今、冬威くんは保健委員が描いた手洗いのポスターをつまらなさそうに、どこかさみしそうにながめている。
ぼくは冬威くんのことを何も知らない。同じクラスなのに。
そう。同じクラスで、しかも同じ委員会なんだ。
これから、なかよくなればいい。委員会のときは、うまくいかなかったけれど、今なら。
ぼくは、ぼーっとポスターを見つめている冬威くんに「あの」と声をかけた。
「五年生があんな感じだし、ぼくたちがしっかりしないとと思ってさ。よかったら今日、いっしょに活動内容のプリント、やらない?」
「いいけど」
ぶっきらぼうにだけれど、冬威くんからいい返事がもらえて、ぼくはホッと息をつく。
「……じゃあ、おれの家、来る?」
「え、いいの?」
「うん。別に」
「冬威くんの家ってどこにあるの?」
「病院の通りぞいにあるバラ畑の家の隣」
「えっ、うちからめっちゃ近くだ。知らなかった!」
「……筒井くんってさ、自分のすきなことしか、興味がないよね」
くちびるのはしをくいっとつりあげる、冬威くん。そんなふうに笑ったところを初めて見た気がして、ぼくは驚いた。
「えっと、それってどういうこと?」
「よく、他の人から誤解されるんじゃないかと思って」
冬威くんのいうとおりぼくは、先生にぶりっ子してるとか、ええかっこしいとかっていわれることがよくある。図書室チャレンジのときも、陰でそういうことをいわれているのは知っていた。

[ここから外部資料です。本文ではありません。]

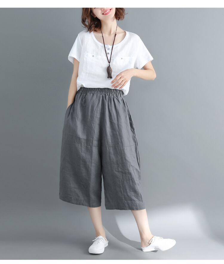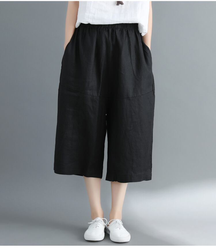 ハーフパンツ ボトムス パンツ 膝下 ミディアム丈 ワイド ポケット ウエストゴム ポリエステル シンプル カジュアル 無地 春 夏 10代 20代 30代 40代 50代 60代 レディース 女性用 ママ お出かけ 休日 リゾート 旅行 海 着回し 普段使い 楽ちん 体型カバー M L XL 2XL ゆったり 黒 ブラック 灰色 グレー アプリコット

自分が考えたことをがんばるのは楽しい。でも、一生けんめいににやると、なぜかばかにされることがある。
冬威くんも、どこかで聞いたのかもしれない。ぼくが陰口をいわれているの。
色んなことを考えすぎて、返事できないでいたら、冬威くんはさっさと話題を変えてしまった。
「何時ごろ、来る?」
「あ……何時ごろだったら、つごうがいいかな」
「何時に来てもいいよ。親は六時すぎないと帰ってこないし」
「おっけー。じゃあ、ランドセルを置いたら行くよ」
最近の遊び場は、ショッピングモールや公園ばかりだったので、友達の家に行くとことじたいが久しぶり。ちょっとうれしい。お菓子とか持っていったほうがいいよな。そうだ、昨日お父さんが会社の人からもらって来ていたアンコパイを二三個持っていこう。「こんなに食べきれない」ってお母さんも困ってたし、いいよね。